Luna, Padmanabhan, and Geier further studied adolescent behavior. They found that one can condition youth behavior to be more like adults (or less impulsive), but it requires a system of incentives, motivations, and rewards. In effects, adolescents can mirror at adult levels of control in incentive trials, but not in neutral trials. By studying the ventral striatum, scientists nailed down that the reward approach can teach kids better self-control.

Decision Making in Older Adults

Samenez-Larkin & Knutson studied the other end of the spectrum: risk taking in older adults. Their research had surprising results. For one, rewards have a diminished effect in senior citizens.

The researchers studied the dorsal striatum and anterior insula in older adults when they were anticipating monetary loss.They found that learning about new rewards declines in aging people, due to declines in connectivity of the prefrontal cortex to the striatum.

How Gist Memory Works

This has its advantages and disadvantages. For instance, it impairs risky decision making in both laboratory and real world studies of older adults. An older person’s experience and vocabulary go up, but their fluid intelligence goes down. They can regulate their emotions better, which makes risk taking less likely.

Instead, older people rely on “Gist Memory“. The human brain has an amazing capacity to function despite the ravages of time. Gist memory has a lot to do with people’s ability to function at a high level as they get older. Instead of learning new skills and coping mechanisms, they use a shorthand to make decisions that limits risk taking.

Dr. Reyna describes gist memory as “memory for essential meaning, the ‘substance’ of information irrespective of exact words, numbers, or pictures. Hence, gist is a symbolic, mental representation of the stimulus that captures meaning.”

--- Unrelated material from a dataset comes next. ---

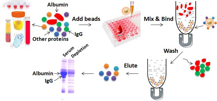 目前常用的白蛋白去除方式為,親和染料配體Cibacron Blue F3GA共價鍵合到市售載體上,用于從水溶液和人血漿中吸附HSA,但這種清除方式缺乏選擇性。在免疫親和系統(tǒng)中,還會使用抗白蛋白抗體進行白蛋白清除。使用蛋白A用于去除IgG蛋白。這些技術(shù)通常具有合理的特異性,但使用成本較高。此外,由于這些清除方式中許多都是基于瓊脂糖樹脂或其衍生柱進行的,因此它們在對濃度較低蛋白進行富集時過程非常耗時,而且無法在短時間內(nèi)處理大量樣品,并且難以適應(yīng)自動化系統(tǒng)。同時,使用這些方法去除蛋白質(zhì)通常需要增加樣品體積來進行實驗,因此需要額外的蛋白質(zhì)濃縮步驟。為解決上述問題,急需具有極高的效率,均勻性和吞吐量的新白蛋白和IG去除方法。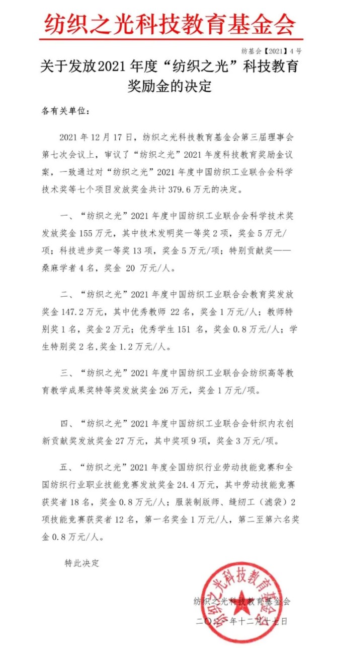 2021年12月17日,纺织之光科技教育基金会第三届理事会第七次会议在北京举行。会议审议了“纺织之光”2021 年度科技教育奖励金议案,一致通过对“纺织之光”2021 年度伟德app官方正版下载地址科学技术奖、“纺织之光”2021 年度伟德app官方正版下载地址教育奖、“纺织之光”2021 年度伟德app官方正版下载地址纺织高等教育教学成果奖、“纺织之光”2021 年度伟德app官方正版下载地址针织内衣创新贡献奖等七个项目发放奖金共计379.6万元的决定。

Wisdom and Naivete in Senior Citizens

In earlier times, Reyna jokes that gist memory was called “wisdom“. An older person might not understand exact words and numbers as well, but they draw upon a residue of experience to arrive at decisions in a simplified manner.

On the upside, older people in general don’t take as many risks. On the downside, older people are less likely to learn from new experiences. This explains why older people are often prone to scam artists. They are not more gullible than they were before, but they don’t learn from experience to avoid scams.

Human Decision Making Changes throughout Life

The Neuroscience of Risky Decision Making makes clear that the human decision making changes throughout a lifetime. Dr. Reyna notes that people’s experiences, emotional and psychological wellness, and ability to learn from experience affects decision making at every stage. What the MRI research by Reyna and her colleagues shows is that brain activity has a direct effect on the other factors in human decision making processes.